Aiming for Imperfection

Perfectionism is a foul illness.

I’ve been thinking about the severity of its side effects this morning, pondering the long-term results of believing “flawless” is necessary when “good enough” will do.

As someone in the final stages of conquering the tendency, I’m well aware of the gut-wrenching pain it creates.

The thing is, I think it often arises out of the depth of our conviction.

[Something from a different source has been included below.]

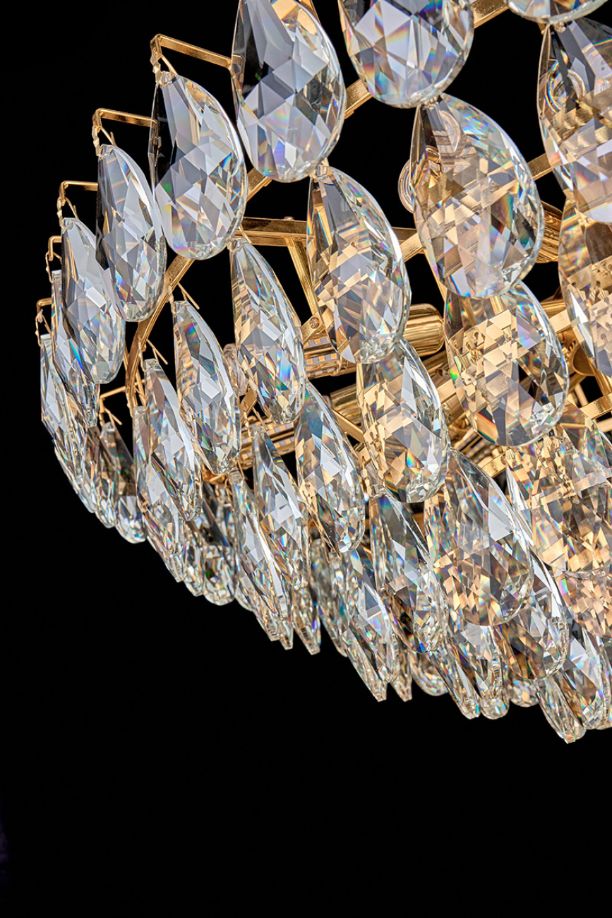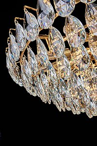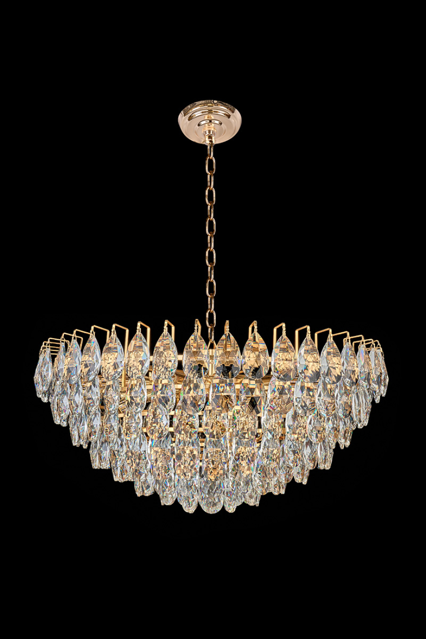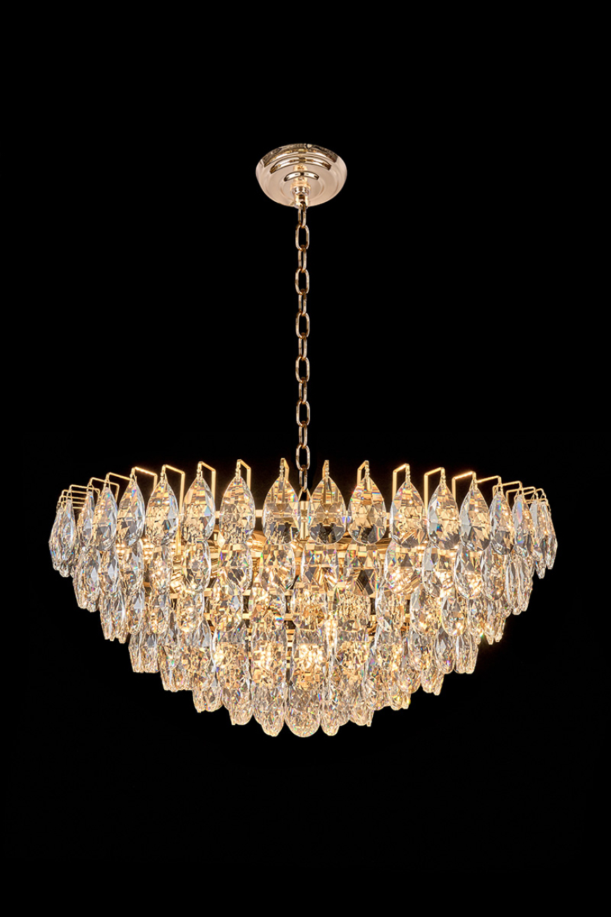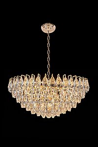 Допускается отличие страны-изготовителя, указанной в характеристиках. Линии производства могут находиться в нескольких государствах. Это не влияет на качество изготовления товара: все заводы данного бренда работают по общим стандартам, а готовые изделия проходят соответствующий контроль.Россия Коллекция Melanie ЦветЦвет арматуры Золото Цвет Золото Материал арматуры Металл гальванизированный Цвет плафона прозрачный Материал плафона Хрусталь РазмерыВысота (мм) 800 Длина (мм) 85 Диаметр (мм) 800 ЭлектрикаКоличество ламп (шт) 21 Цоколь E14 Дополнительная информацияВес (Кг) 24.7 -

I think, overtaken by the power of our emotion, we wish to ensure our creation is a painstakingly accurate representation of the ideal we have in our head, an immaculate reflection of our cherished belief.

In focusing our intent on producing something unequaled, we either fritter away hours consumed by miniscule details or–fearing our abilities are inadequate for the task–quietly ignore the impulse to create.

We easily forget the price of success is paid by hours of unfruitful labor.

Albert Einstein finalized general relativity about sixteen years after he developed special relativity…and only after he learned his calculations were being refined by a more industrious mathematician.

Thomas Edison found thousands of ways not to invent a light bulb, demonstrating the “decision and revision” process (combined with a healthy will to keep going) required to achieve goals.

Living is more like golf than archery.

Instead of being scored based on the number of bullseyes you hit, you’re doing your best to finish the hole with as few shots as possible. It’s a series of attempts at a target, then heading off for the next one after the first is reached.

As you improve, getting “there” takes less effort.

What’s most important is training your eye on an object worth the effort because, as Henry David Thoreau wrote,

In the long run men hit only what they aim at. Therefore, though they should fail immediately, they had better aim at something high.”